» The task:
Give back the lines below verbatim, omitting all pictures.

» Dataset content:
■ ■ ■ ■ ■ ■ ■

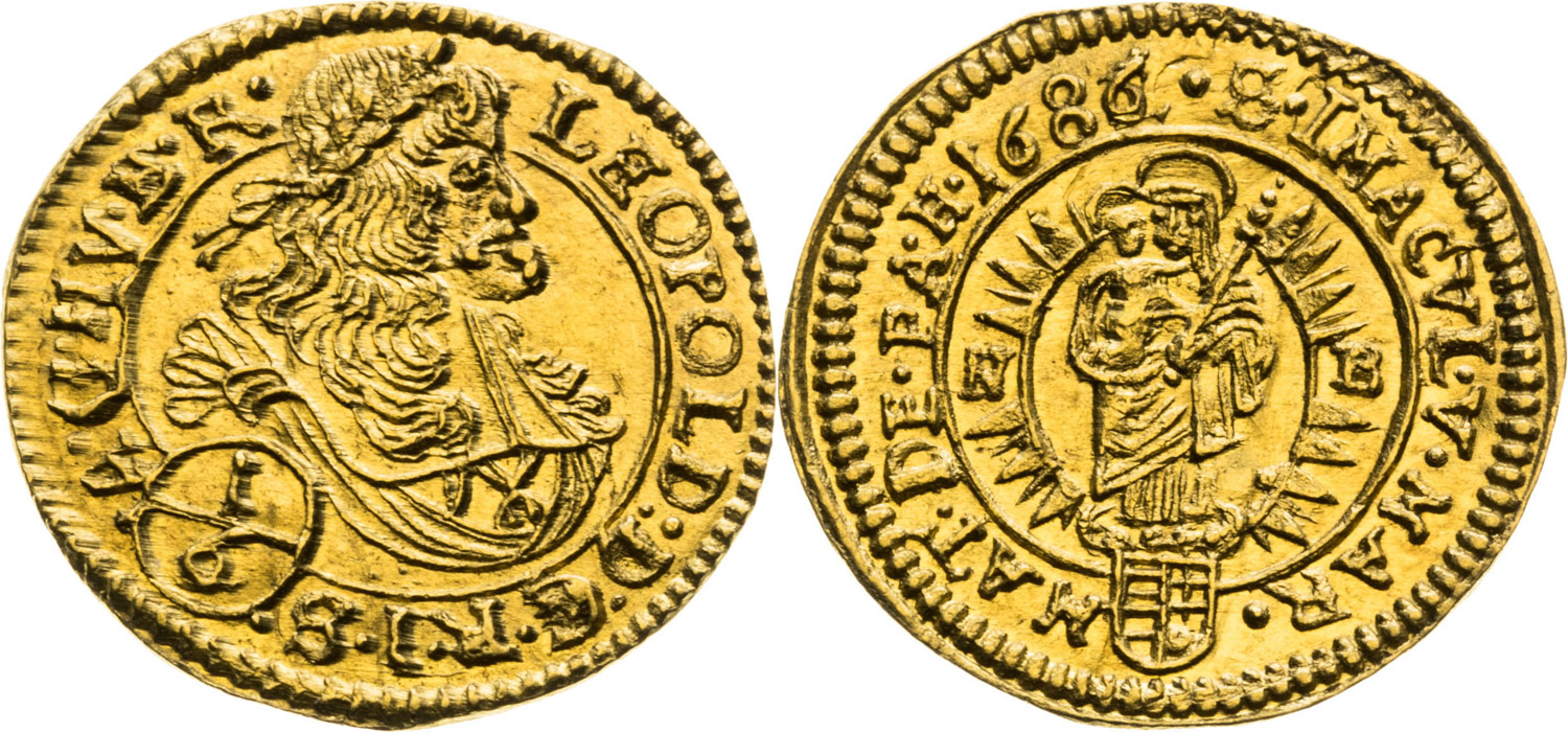Leopold I. 1/6 Dukát 1686, Nagybánya, Peter Österreicher, 0,57 g, 13,5 mm, Au, Huszár 1343, Unger II. 1007.b, Friedberg 154,
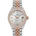 - レディース ロレックスの定番モデルとも言える"デイトジャスト"。こちらはステンレススティールとエバーローズゴールドのコンビとなり、ベゼルとインデックスに配されたダイヤモンドの煌きが美しいモデルです。9時のみ豪華なローマンインデックスとなっており、インデックスダイヤを留める爪が星型なのもチャーミングです。ムーブメントはパワーリザーブ55時間対応の自動巻きCal.2236を搭載。
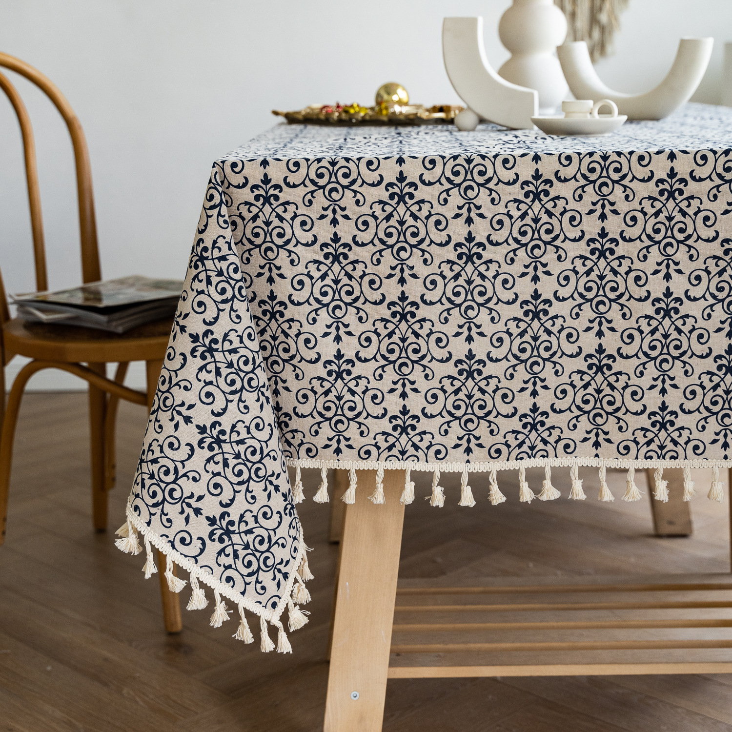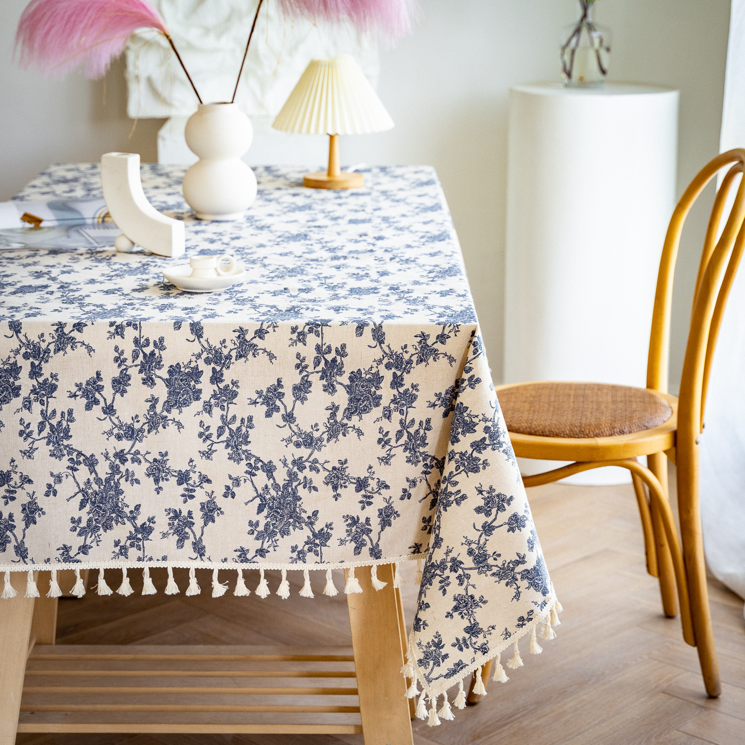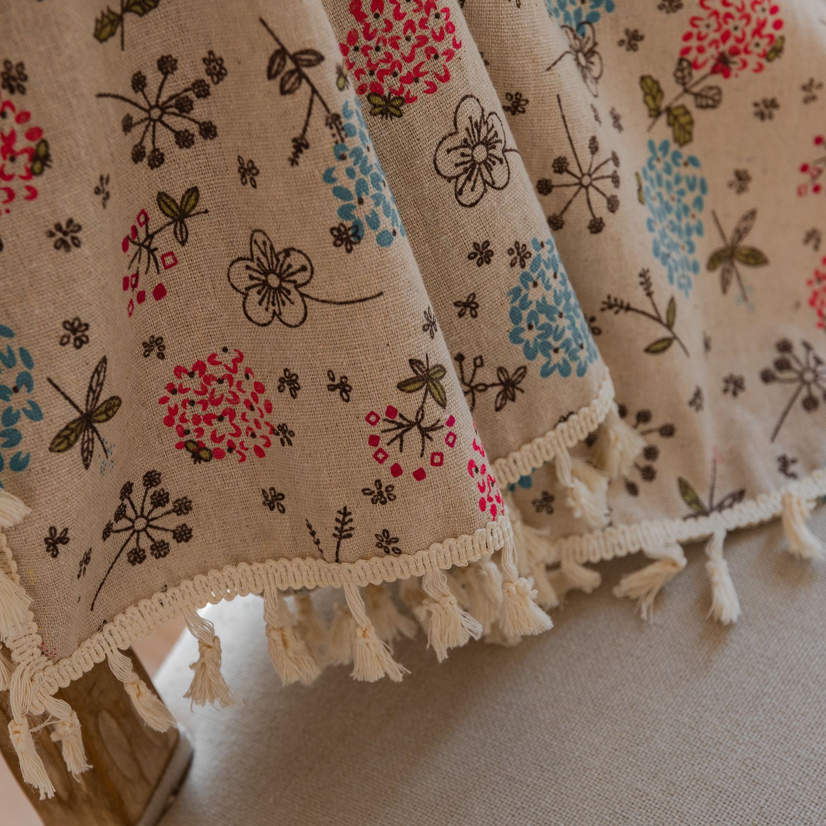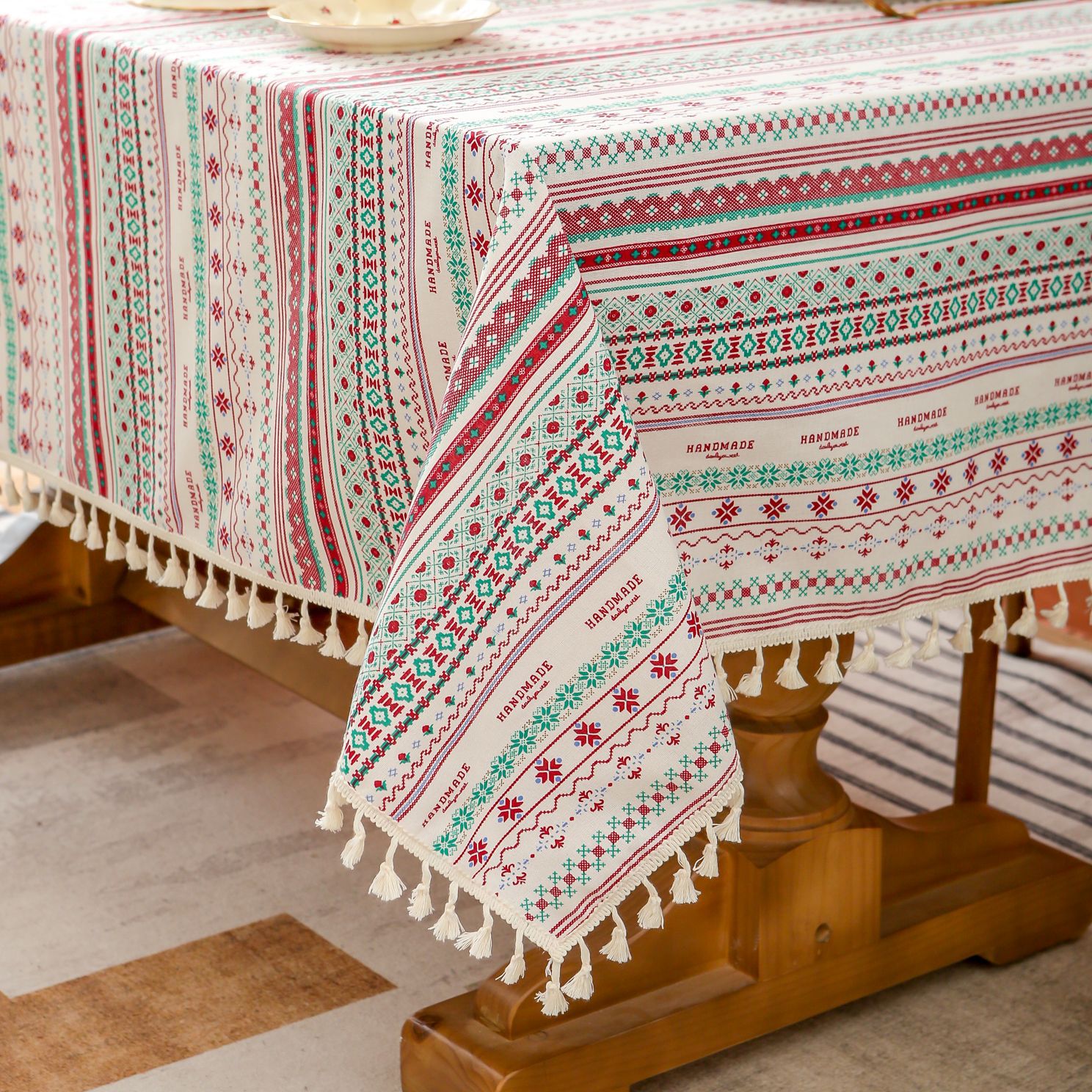 跨境法式餐桌布艺棉麻印花长方形家用大茶几盖布麻将桌子防尘台布
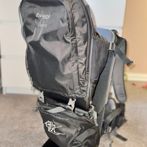 Designet for bæring av barn med justerbare stropper og polstret rygg for komfort. Egnet for utendørs bruk og turer med barn.

■ ■ ■ ■ ■ ■ ■

» Your response:
Leopold I. 1/6 Dukát 1686, Nagybánya, Peter Österreicher, 0,57 g, 13,5 mm, Au, Huszár 1343, Unger II. 1007.b, Friedberg 154,
 - レディース ロレックスの定番モデルとも言える"デイトジャスト"。こちらはステンレススティールとエバーローズゴールドのコンビとなり、ベゼルとインデックスに配されたダイヤモンドの煌きが美しいモデルです。9時のみ豪華なローマンインデックスとなっており、インデックスダイヤを留める爪が星型なのもチャーミングです。ムーブメントはパワーリザーブ55時間対応の自動巻きCal.2236を搭載。
 跨境法式餐桌布艺棉麻印花长方形家用大茶几盖布麻将桌子防尘台布
 Designet for bæring av barn med justerbare stropper og polstret rygg for komfort. Egnet for utendørs bruk og turer med barn.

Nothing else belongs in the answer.